Loans are made to corporations, states, territories and subdivisions and agencies, such as municipalities, people’s utility districts and cooperative, nonprofit, limited-dividend, or mutual associations that provide retail electric service needs to rural areas or supply the power needs of distribution borrowers in rural areas. USDA also provides financial assistance to rural communities with extremely high energy costs to acquire, construct, extend, upgrade and otherwise improve energy generation, transmission, or distribution facilities. USDA’s Rural Utilities Program services approximately 686 active electric borrowers in 47 states.
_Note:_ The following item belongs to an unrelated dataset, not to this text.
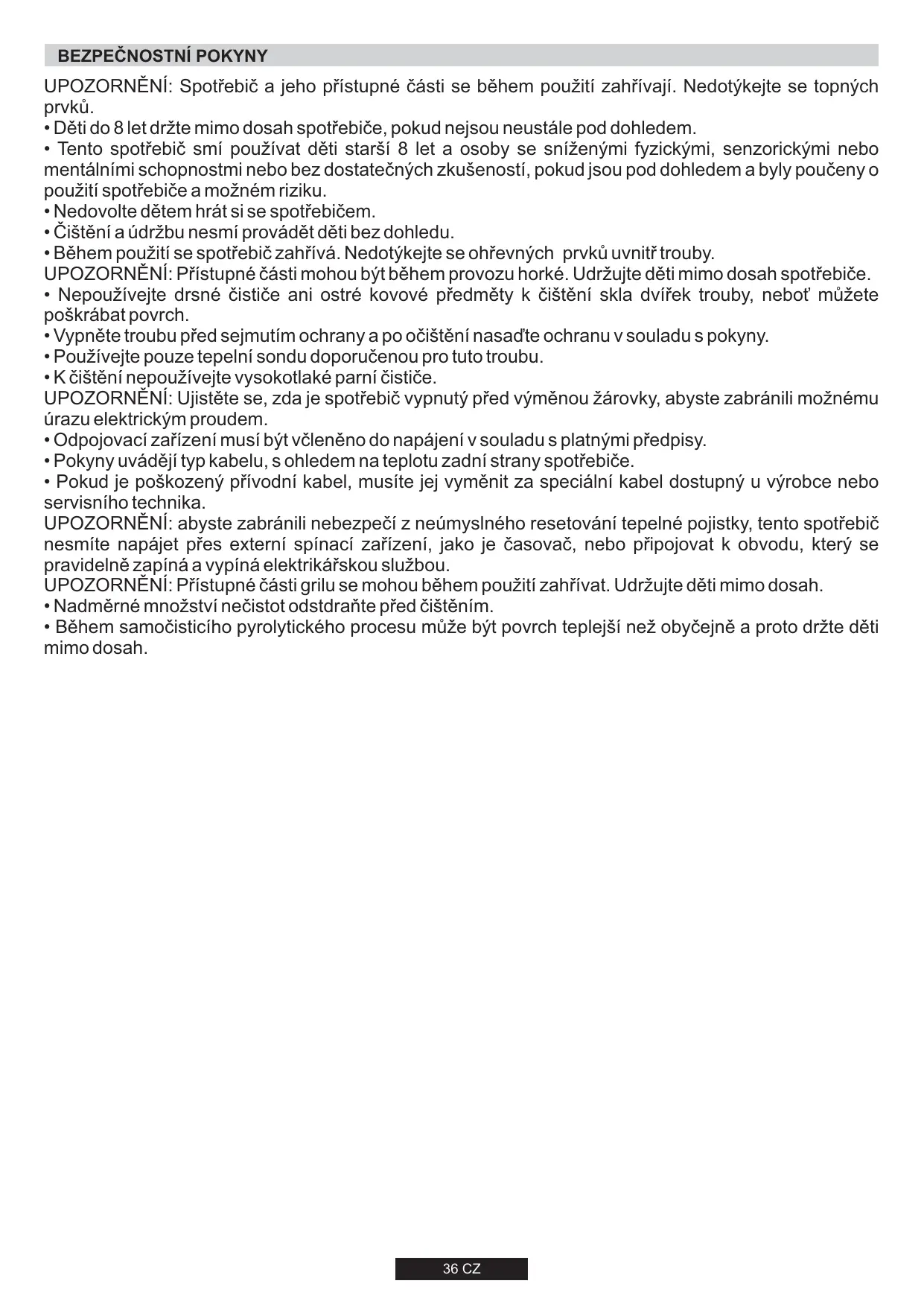 La rejilla puede sostener moldes y bandejas. La instalación tiene que disponer de los fusibles correspondientes y los cables han de tener un cruce de sección de largo suficiente como para alimentar eléctricamente el horno.
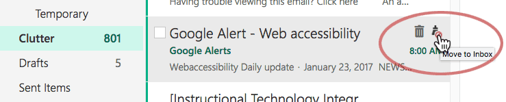 To move a message from Clutter to your inbox, hover over the email message and click the small icon that appears:

Rural Telecommunications Program
USDA continues to provide many programs for financing rural America’s telecommunications infrastructure. The traditional infrastructure loan program consisting of hardship, cost of money, Rural Telephone Bank and guaranteed loans provides financing of broadband and other advanced services. Since 1995, every telephone line constructed with USDA financing has been capable of providing broadband service using digital subscriber loop (DSL) technology. The Distance Learning program continues its charge to wire rural schools to tap into a rich universe of educational classes and resources; the Telemedicine program is helping to improve health care delivery in rural America by “linking” small clinics and hospitals to major medical facilities.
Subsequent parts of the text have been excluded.